Generally, potatoes need between 1-2 inches of water per week;
this could be provided by rain events and/or you to make up the difference.  Each potato tower will require about five gallons of water a week.  Again, the need will vary with rain and /or extreme heat.

Most varieties are ready to harvest after 90 days. When the leaves start to die, stop watering (Usually about two weeks before harvest). Soil should be dry at harvest.

Many potatoes in the grocery store have been treated with various chemicals to prevent their eyes from developing--not a desirable event for potatoes you want to eat.  Get seed potatoes now from your local garden store.  You can purchase sweet potato slips usually the last two weeks  in April.



Since the towers are only 2 feet in diameter, you can grow them on your patio.  To construct for a patio, fist fold a heavy contractor bag into about 1/4 its size and place the cage on top of that before beginning to layer the straw and soil.   Watering is simple:  just fill a five gallon homer bucket with water and water from the top down with the entire bucket once a week.  If you don't have a homer bucket, just save an old gallon milk jug five times and water from the top down.  pour water on four spots on each side and one gallon in the middle to ensure you have thoroughly watered all the plants once a week.



White potatoes come in shades of brown, yellow, and red, with white or yellow flesh, while sweet potatoes are typically orange in color, however, are also found in yellow, purple, and red varieties. Although, in some countries, sweet potatoes are referred to as yams, they are also a different species of plant.  Yes, a yam is a sweet potato--just a different species.  They are a deeper orange.

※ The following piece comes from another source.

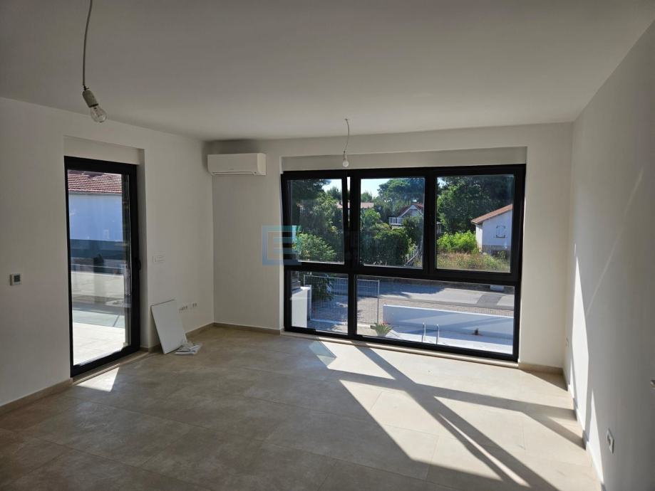 Kuća se sastoji od dvije jedinice. U prizemlju se nalazi garaža i pored nje apartman koji ima ulazni hodnik, kuhinju s blagovaonicom, dnevni boravak, spavaću sobu, kupaonicu te natkrivenu terasu. Na katu je apartman koji se sastoji od ulaznog hodnika, kuhinje s blagovaonicom, dnevnog boravka, dvije spavaće sobe, kupaonice i natkrivene terase. U prilogu su i slikovni prijedlozi unutarnjeg uređenja, sama kuća je nenamještena.

Sweet potatoes, and white potatoes are botanically unrelated; sweet potatoes are from the Convolvulaceae plant family, while white potatoes come from the Solanaceae plant family.  White potatoes are from the nightshade family and sweet potatoes are not.  Therefore, you can eat the leaves of the sweet potato--stir-fried or fresh in salads.  However, you cannot eat the leaves of the white potato as they are poisonous. 

Sweet potatoes are planted from slips (slender vines that have sprouted from the potato).  White potatoes are planted from the eyes of a potato.  

In North Texas, sweet potatoes are planted in late April after all danger of frost is past.  White potatoes are planted the last week of February and up to middle of March.  Their harvest time coincides with that of the planting time for sweet potatoes. It can be argued that the sweet potato provides more food than the white potato because you can eat the leaves of the sweet potato throughout its long growing season from May until the end of October.